Thanks for sharing MakoPat


----------



## Samurai Samoht (Apr 6, 2013)

It has always been a pleasure when dealing with Berk. Great service and quick responses. :thumbsup: :thumbsup:


----------



## Wreck-it (Mar 25, 2019)

I like warrior pouches. They seem to last forever.


----------



## Blue Raja (Feb 10, 2016)

Just when I was getting good at making pouches from "urban leather" (fake suede scraps and duct tape) along comes Mako Pat and opens up a whole 'nother can of worms. Can't imagine what he is going to suggest next. Maybe making bands from resistance tubes instead of chaining rubber bands together?


----------



## Covert5 (Feb 7, 2018)

Warrior pouches are awesome! Berk's customer service is superb. Tell him what you are looking for and he will give you suggestions and even throw you a few extras to try. I love the roo samurai pouch they last forever!


----------



## Crazy Canuck (Dec 20, 2018)

I'm horribly addicted to the microfiber Samurai's (I blame SamuraiSamoht because he gifted me one with my first slingshot). I think I have a lifetime supply, but will probably still end up getting more! Saw he just made some Navy Seals in the microfiber! They're on my next to try list.


----------



## theTurk (Feb 25, 2016)

Wow! Thank you Patrick and everyone else for their kind words.

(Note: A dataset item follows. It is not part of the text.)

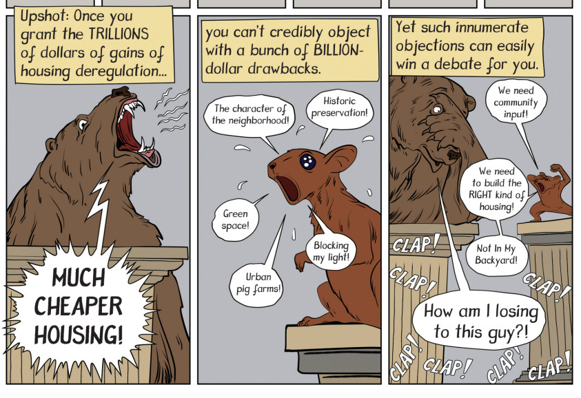 “When the bear says, ‘How am I losing to this guy?’ Yeah, that’s me,” Caplan says. The major benefits of lower housing costs can be drowned out by concerns that ought to matter less.

Sent from my iPhone using Tapatalk


----------



## AKA Forgotten (Jan 26, 2019)

Hope you don't mind me jumping on your waggon, but my Warrior Roo Knight's arrived today. Amazing service and quality as you all know already. But my first order and only eight days from order to banded and tubed. Out to shoot them very soon as I can't wait.


----------